The downside I keep reading about is that it's harder to trace what actually happened when something goes wrong. With a direct call you can follow the chain. With events it's more scattered. You also need a message broker like Kafka or RabbitMQ sitting in the middle, which is another thing that can fail.


2. Saga Pattern (Choreography vs Orchestration)

This came up when I was reading about how you handle transactions that span multiple services. You can't just do a database transaction across services — that's not a thing. So instead you chain together a series of smaller transactions, and if one fails, you run "compensating" steps to undo what already happened.

There are two ways to coordinate this:

Choreography is where each service just listens for events and decides what to do next. No one is in charge. The flow emerges from all the services reacting to each other. Feels elegant but I can see how it gets hard to follow when the flow gets complex.

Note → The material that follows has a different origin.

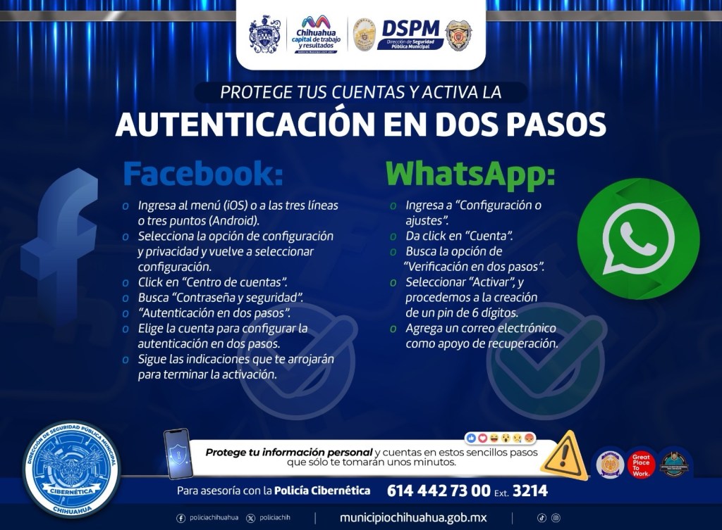 H. Ciudad de Chihuahua, Chih., a 12 de junio de 2025. Para prevenir el robo de cuentas personales en redes sociales como WhatsApp, Facebook o Instagram, la Dirección de Seguridad Pública Municipal (DSPM), a través de la Policía Cibernética, recomienda a la ciudadanía activar la verificación en dos pasos.
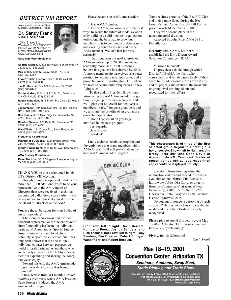 Toward this end, the AMA Ambassador Program was developed and is being expanded. AMA President Dave Brown introduced the program: sign up three new members and you'll receive full credit for next year's membership fee. I fully endorse the program and hope many in District VIII participate.

Orchestration is where one service (the orchestrator) acts as the conductor — it explicitly tells each service what to do and waits for the response. The full flow lives in one place which makes it easier to read and debug.

The tricky part I keep seeing mentioned is writing the compensating transactions correctly. Not every action can be cleanly undone. "Cancel the charge" is easy. "Unsend the email" is not.


3. CQRS (Command Query Responsibility Segregation)

The idea is to split how you write data from how you read data. Instead of one model that does both, you have a Command side (writes, updates, deletes) and a Query side (reads).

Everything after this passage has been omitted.